Since the success of Sleeping Giant, Andrew Cividino has made a living as a director through TV and commercial work, and at the time of this interview, he was casting his second feature (which had just secured financing), writing his third, and developing a sci-fi drama series for television. “I’ve learned that it’s important to have many irons in the fire, because the timing is often out of your control,” he says. “It’s a miracle that anything gets made, and even more so that anything good gets made.”

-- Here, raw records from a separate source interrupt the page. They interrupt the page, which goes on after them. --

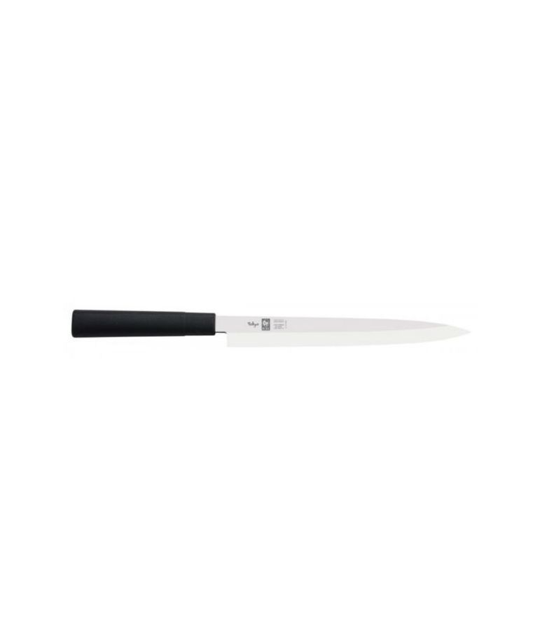 Japoniškas peilis YANAGIBA 27 cm iš TOKYO serijos – ilga, siaura ir smaili geležtė, skirta itin tiksliam žuvies pjaustymui bei plonų riekelių formavimui ruošiant sushi ir sashimi. Vienpusio galandinimo konstrukcija, pritaikyta dešiniarankiams, leidžia atlikti švarius, glotnius pjūvius, išsaugant žuvies tekstūrą ir estetiką. Japoniško stiliaus peilių serija sukurta rytietiškų patiekalų – sushi, sashimi, ramen – ruošimui, užtikrinant aukštą pjovimo tikslumą ir kontrolę. Ergonomiška Proflex Plus rankena suteikia tvirtą sukibimą ir komfortą intensyvaus darbo metu. ICEL TOKYO YANAGIBA 27 cm skirtas profesionalioms HoReCa virtuvėms ir pažengusiems namų kulinarams.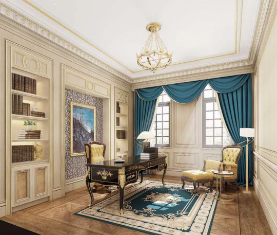 书房整体设计大气沉稳,金棕色的座椅,雕花书桌,无不增添了法式装修风格的大气。
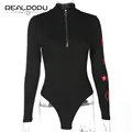 Waatfaak Turtleneck Long Sleeve Bodysuit Zipper Black Reflective Stripes Graphic Casual Elegant Women Body Sexy Bodies Ladies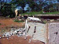 O coreto, que aparece ao fundo, à direita, e o chafariz, à esquerda, não deixam a gente mentir. Essa aí é a praça Getúlio Vargas, no centrão de Campo Mourão. Depois da derrubada de árvores na sexta e no sábado e do corte e recolhimento dos troncos, foi assim que ficou o visual do espaço mais nobre da cidade. E vai ter mais: aquelas árvores ao fundo também serão cortadas. Quem passa por ali tem a sensação de estar no centro de Bagdá após os bombardeios do Bush (urgh!). Tudo isso, porém, estava previsto no projeto, que passou até por audiência pública. Só uma dúvida: as “moças” que faziam ponto por ali, têm direito a indenização por suspensão de faturamento?...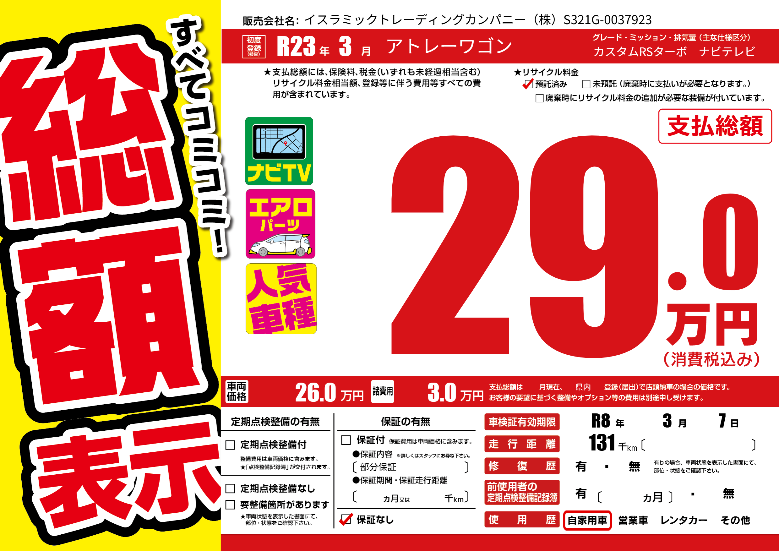 なし | 車検制限 | R8年3月7月 |
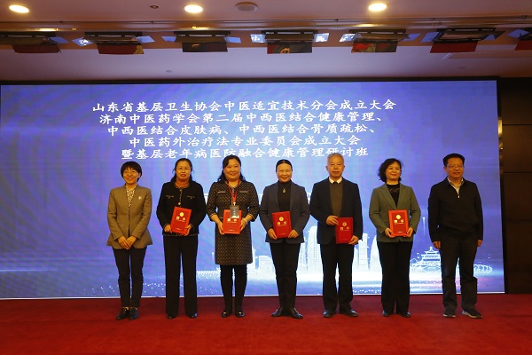 承办的济南中医药学会第二届中西医结合健康管理、中西医结合皮肤病、中西医结合骨质疏松、中医药外治疗法专业委员会换届大会暨基层老年病医防融合健康管理研讨班在济南东方大厦举行。济南市卫生健康委二级巡视员米宽庆,中医药业务处处长孙玉凯,山东省基层卫生协会副会长兼秘书长杜文建,中文av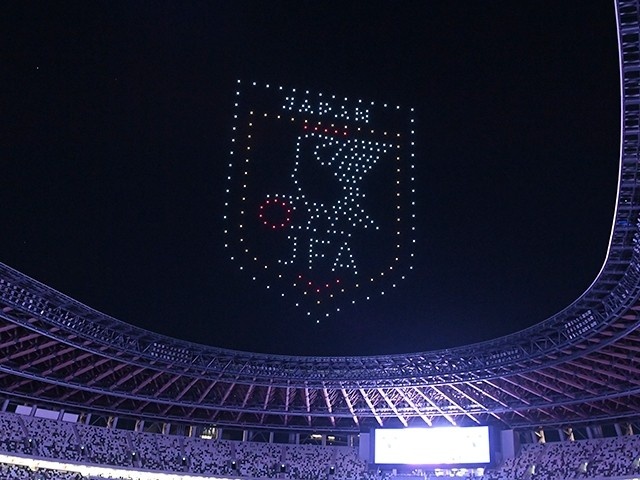 11月18日坐镇东京国立竞技场对阵玻利维亚队的比赛,500架无人机将在夜空中组成超大的日本队队徽。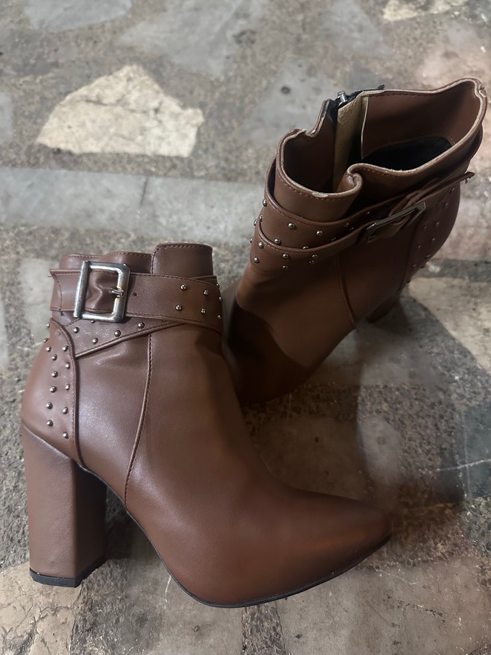 Kahverengi deri kadın botlar, blok topuklu ve tokalıdır. Perçin detaylarıyla sokak stiline uygun, günlük kullanıma ideal botlar. Sorunsuz marka temsili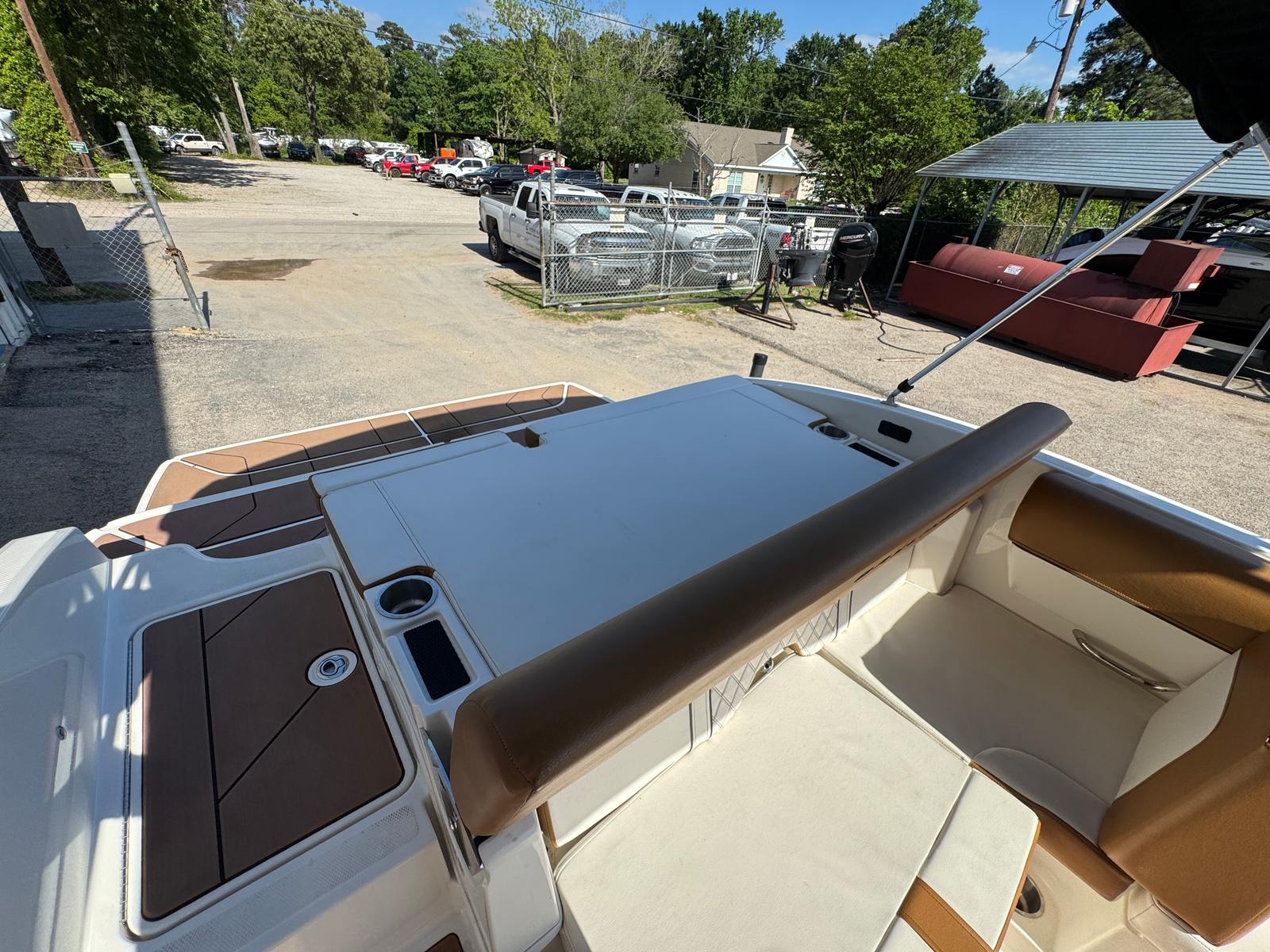 This Deckboat boat for sale is meticulously crafted to offer comfort and convenience. The spacious deck provides ample room for seating, lounging, and storage, making it ideal for both relaxation and entertainment. The sleek design not only enhances the boat's aesthetic appeal but also optimizes its performance on the water.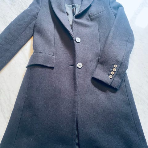 Zara Frakke i blå farve, designet til kvinder i størrelse 34. Jakken er fremstillet i et materiale, der ikke er specificeret, og har en klassisk knaplukning foran. Frakken er velegnet til køligere vejr og har et enkelt, tidløst design.
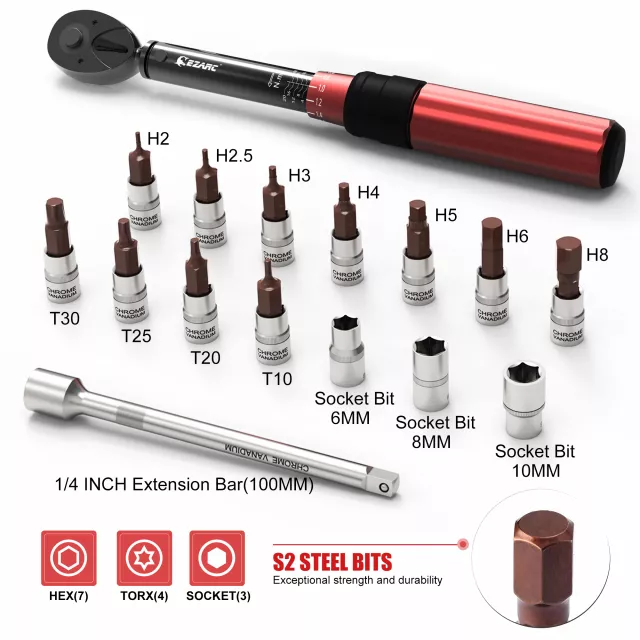 Upgrade your tool kit with this 1/4 inch torque wrench set—your go-to solution for accurate, reliable torque control. Whether you’re tuning your mountain bike, adjusting an e-bike, or fine-tuning a motorcycle, this versatile tool delivers consistent performance when it matters most. With a torque range of 2 to 20 Nm (17.7 – 177 in-lb), it’s perfect for delicate bike components like seat clamps, brake rotors, and chain sets. No more over-tightening or damaging expensive parts—just precise control with every turn.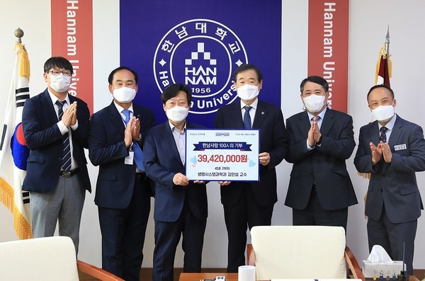 3일 한남대에 따르면, 김 교수는 본관 2층 총장실을 방문해 이광섭 총장에게 대학발전기금 3942만 원을 전달했다.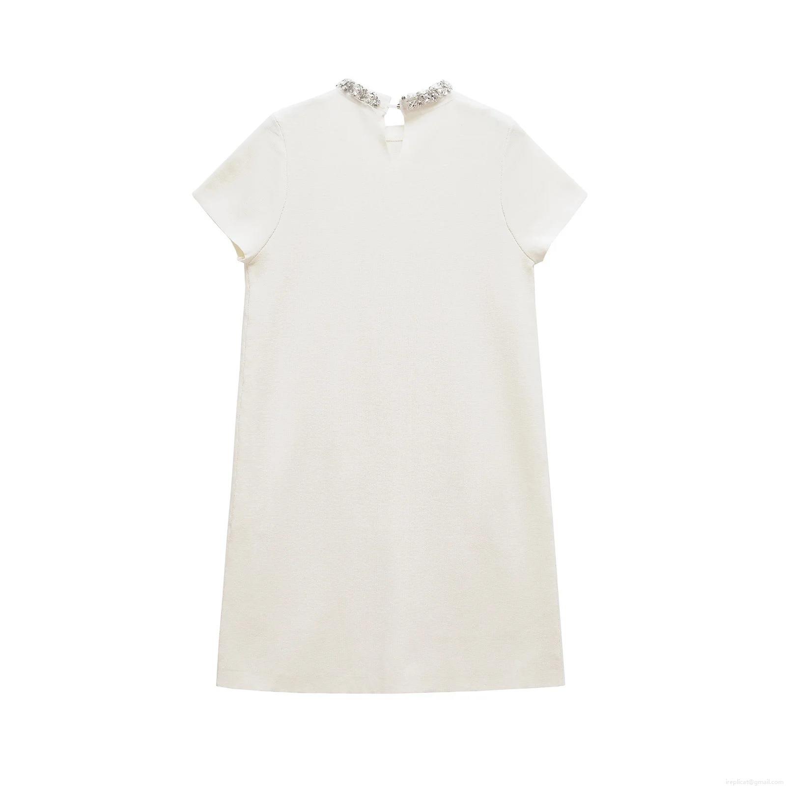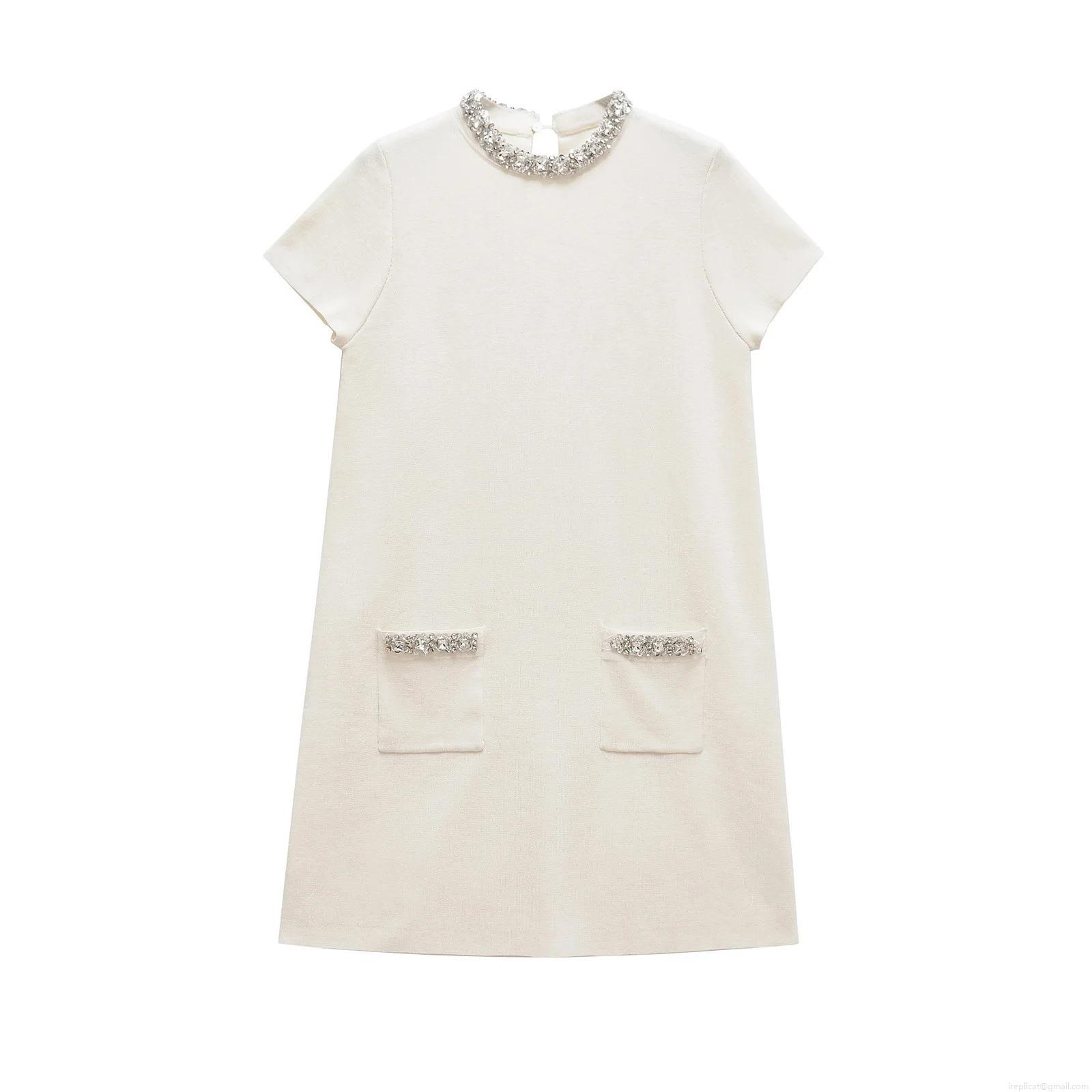 • Women's Elegant Mercerized Cotton Short Sleeve Dress Heavy Rhinestone Beaded Pocket Detail A-Line Mini Dress For Party Banquet Celebrity Style

Are things easier now? “I would love to say it has gotten a lot easier, but it has just gotten different,” says Cividino. “The opportunities that I’ve been presented with have been great, and increased, but you’re just faced with new challenges. I think filmmaking is an inherently challenging process, and maybe the moment you stop being challenged is the moment you stop making interesting work, anyway.”

Meanwhile, at the School of Image Arts, the next generation is always underway—and Ryerson offers a range of scholarships to foster it. “We’re not an ivory tower in Image Arts,” says Alex Anderson. “We aren’t a separate place from the real world. We’re really doing what we can to support the Canadian film industry. It’s a huge leap to become a professional, but I see us as a cauldron. Talent, ideas… that’s our job.”